- RECORDED INFORMATION
• • • • •

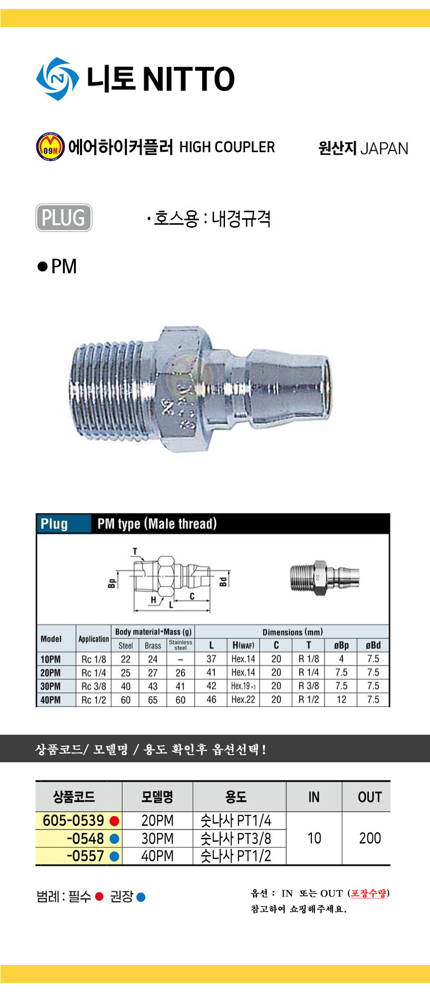 니토 하이커플러(PM) 20PM/ 30PM/ 40PM NITTO 공구몰 PLUG 605-0539
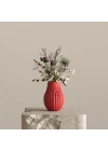 İlhamını bitkilerin gövdelerindeki ince ve ritmik dokulardan alan PITH Tasarım Dekoratif Vazo, doğanın basit ama kusursuz matematiğini masanıza taşıyor. Yukarı doğru zarifçe daralan dolgun (chubby) formu ve yüzeyini saran ince dikey yivler, vazoya sadece estetik bir doku değil, aynı zamanda heykelsi bir derinlik kazandırıyor.
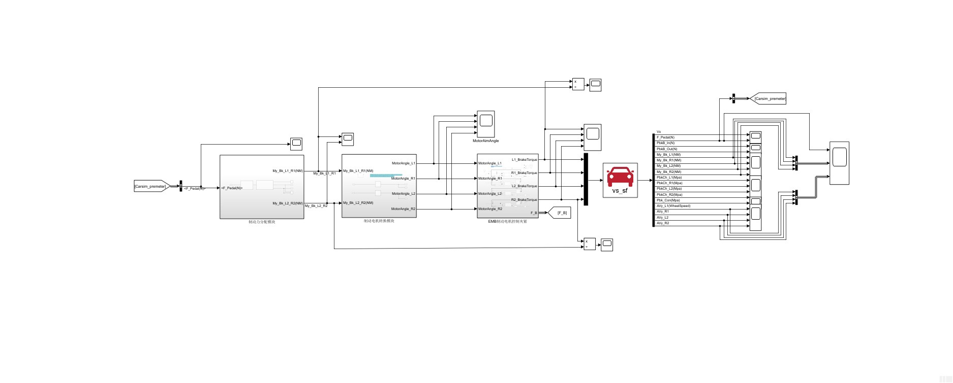 玩过Carsim的朋友都知道,液压制动系统建模是自带黑盒子——能跑但改不动。今天咱们换个思路,用四个无刷电机直接怼在车轮上搞线控制动,这才是真·硬核玩家的打开方式。

• • • • •

- WHAT TO WORK ON
The first line of the listing through the line with "İlhamını bitkilerin gövdelerindeki": repeat exactly that span and nothing more, skipping pictures.

- TASK ANSWER
 니토 하이커플러(PM) 20PM/ 30PM/ 40PM NITTO 공구몰 PLUG 605-0539
 İlhamını bitkilerin gövdelerindeki ince ve ritmik dokulardan alan PITH Tasarım Dekoratif Vazo, doğanın basit ama kusursuz matematiğini masanıza taşıyor. Yukarı doğru zarifçe daralan dolgun (chubby) formu ve yüzeyini saran ince dikey yivler, vazoya sadece estetik bir doku değil, aynı zamanda heykelsi bir derinlik kazandırıyor.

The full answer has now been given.